One year ago, Jim Willie made a big mistake. He wrote off Murray Rothbard as a dolt.
He did not mention Rothbard by name. He was too smart for that. He simply dismissed Rothbard’s description of how the Federal Reserve System works. Jim Willie thought he knew better.
I warned him about this. He ignored me. He dismissed me as a dolt. Lots of people have. But it is never wise to write off Murray Rothbard as a dolt.
Who is Jim Willie? He is a statistician. He has a Ph.D. He is a gold bug. He publishes a newsletter with the difficult-to-market name, The Golden Jackass.
Here is how all this started.
“THE IMMINENT COLLAPSE OF THE T-BOND MARKET!!!!”
On September 25, 2013, he made a startling announcement.

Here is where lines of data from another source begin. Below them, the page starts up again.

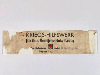 Banderole für die Sammelbüchse Gau Niederdonau "Kriegs-Hilfswerk für das Deutsche Rote Kreuz", 9 x 35 cm, verschmutzt, ausgebessert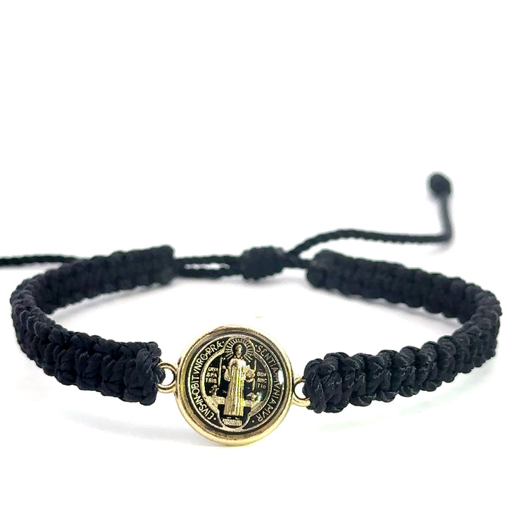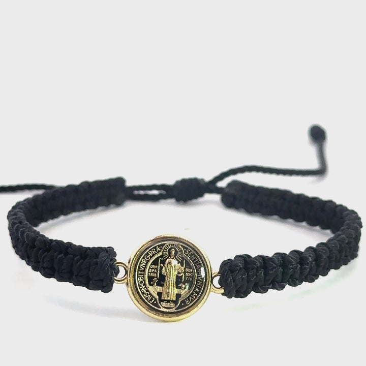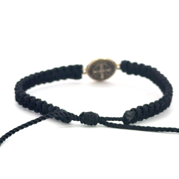 St Benedict Bracelet Handmade Small Metal Pendant with St Benedict Emblem Reversible Black Color Made with Nylon Knotted Rope Adjustable San Benito Pulsera Hecho a Mano Medalla de Metal Pequeno con Emblema de San...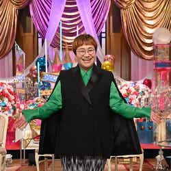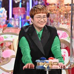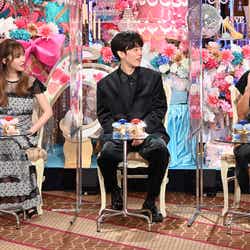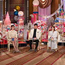 年越し特番ということで、この日の収録は都内の高級ホテル内のホールで実施。シャンデリアが照らす豪華な会場に、風船や花などで華やかにセットが組まれていた。スペシャルゲストとして佐藤が登場すると、田中みな実や弘中アナ、みちょぱから「フゥ~」という歓声が。スタジオメンバーからは思わず「あざといボタン」がロケットスタートで連打された。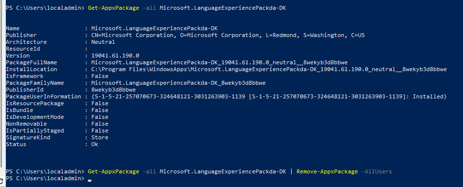 Get-AppXPackage -All Microsoft.LanguageExperiencePackda-dk | Remove-AppXPackage -AllUsers

The USTreasury Bond market breakdown is in progress, all part of the general USDollar global rejection that is taking the world by storm. Of course, residents inside the US Dome do not notice, since they only perceive it as the native currency.

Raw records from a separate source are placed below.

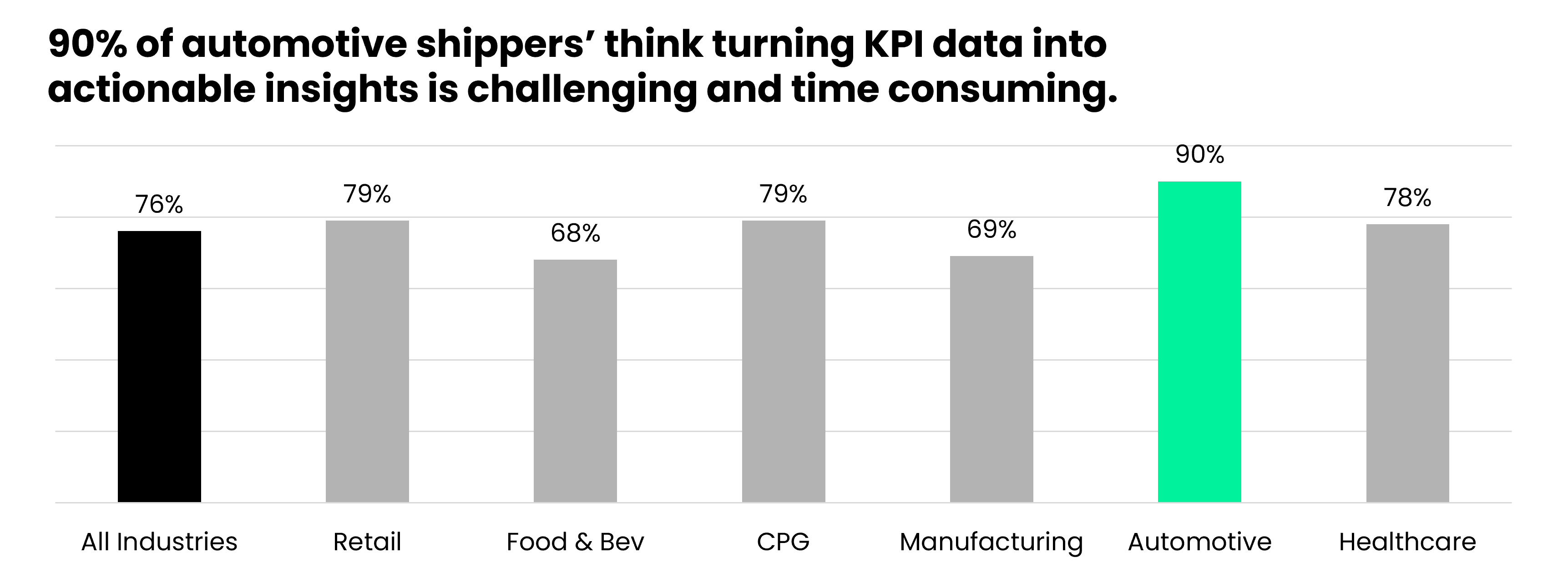 90% of automotive shippers agreed that turning logistics KPIs in actionable insights is both challenging and time consuming, 14% above the average and the highest of any industry.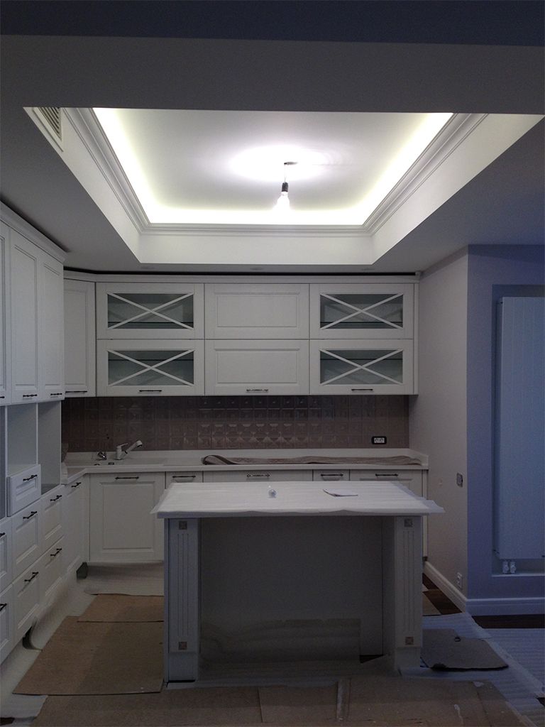 Светодиодная лента arlight® была установлена повсюду: многоуровневых потолках, потолочных карнизах, разнообразных нишах стен и потолков. На кухне сочетается функциональная и декоративная подсветка: подсветка рабочей поверхности кухни - её столешницы, установленная под верхние шкафы, и подсветка фасадов нижних шкафов, вмонтированная в кромку под столешницей.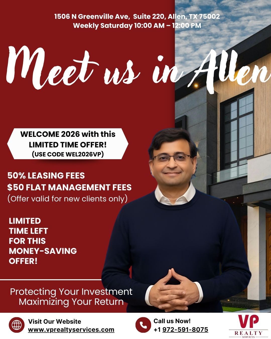 Kick-start 2026 with exclusive savings on professional real estate services from VP Realty Services in Allen, Texas. We are offering a limited-time special deal for new clients designed to help property owners maximize returns while reducing management costs.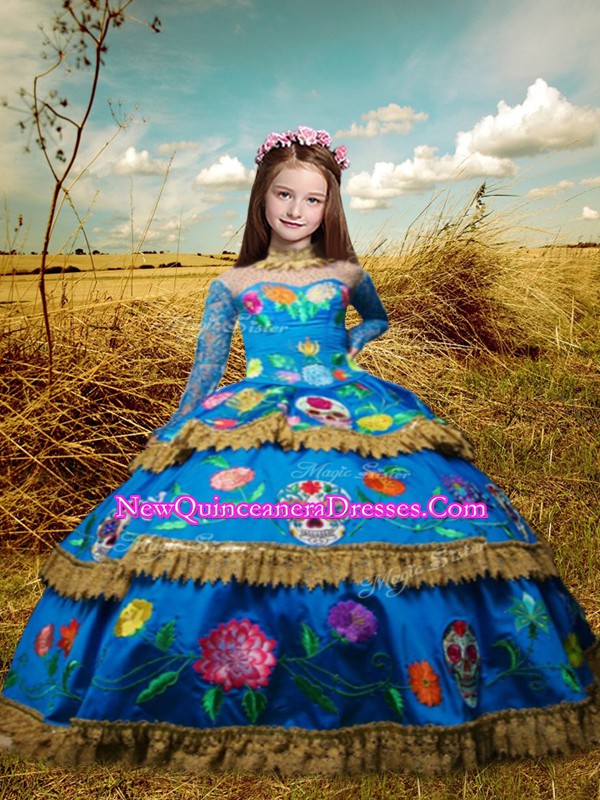 Latest Blue Taffeta Lace Up High-neck Long Sleeves Floor Length Little Girl Pageant Dress Embroidery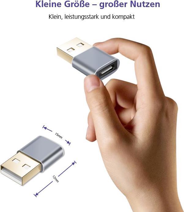 Helos PREMIUM - USB-Adapter - USB (M) zu USB-C (W) - USB 3.1 - 5 V - Dunkelgrau
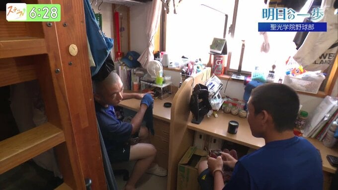 グラウンドでは、凛々しかった選手たちも、ここでは普通の高校生。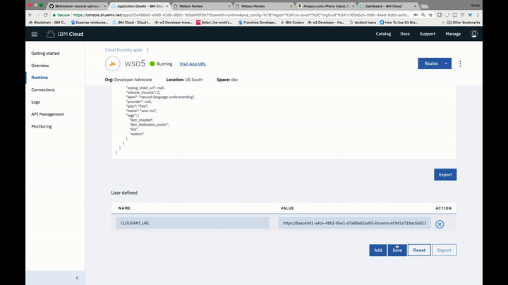 VCAP_SERVICES. Entonces podrás ver el apartadocloudantNoSQLDBy debajo de el el apartadourl. En el apartado deName, escribe elCLOUDANT_URL, y debajo de el campoValue, pega laurlde la seccióncloudantNoSQLDBen el apartado deVCAP_SERVICES.

He said he had what amounted to inside information.
A recent event has occurred, which was brought to the table by an unexpected corner, but a reliable source, who has a banker friend. The bond market has converted into a Flash Trading arena within the bank syndicate to maintain bond prices. This is an explosive development, indicative of unsustainable sovereign bond prices kept up by round robin marked by internal sales within the Federal Reserve banks themselves.
He is legendary for his use of underlines, bold facing, italics, exclamation points, and capital letters.
He went on.
Two weeks ago, an extraordinary memo was received from a trusted colleague. It could be important in yet unknown ways. The USTBond market is broken, and the USDollar cannot be defended. The memo read as follows. “I spoke with an old banking friend of mine on Saturday who now works as an Executive Officer in the Regulatory Division of the Dallas Federal Reserve. The gist of the conversation was this. There was a panic teleconference among all of the Regional Federal Reserve banks on Thursday afternoon [Sept 5th]. The subject of this emergency teleconference was USTreasury Yields. The perilously low capital of the Federal Reserve was at issue in this meeting, and the fact that they could no longer afford to defend the USDollar at this point. All of the regional Federal Reserve Banks were ordered to unload as many USTreasurys and Mortgage Backed Securities as they could, even though they are selling at a loss, to provide immediate liquidity even at the expense of capital! Eventually, late Friday night a tranche of Treasurys was sold above market price to several Federal Reserve Member banks in order to drive down the yield! You can plainly see this sale on the 10-year USTreasury chart.” Big news! Panic setting in! Unsustainable bond arena! Flash Trading has hit bonds!
This was, as Dr. Willie would put it, Big News!!!
But he was just getting warmed up.
More important, WE HAVE NOW SEEN THE BEGINNING OF FLASH TRADING ON USTREASURY BONDS!! A grand round robin closed circle selling program will be relied upon in desperation to maintain price, just like with NYSE stocks in Algorithm Trading.
On September 27, I responded to this article. I posted it on my site. I wrote the following.
I rarely see anything this obviously wrong. He has the economics of the bond market 100% backwards. The error is total. Consider this.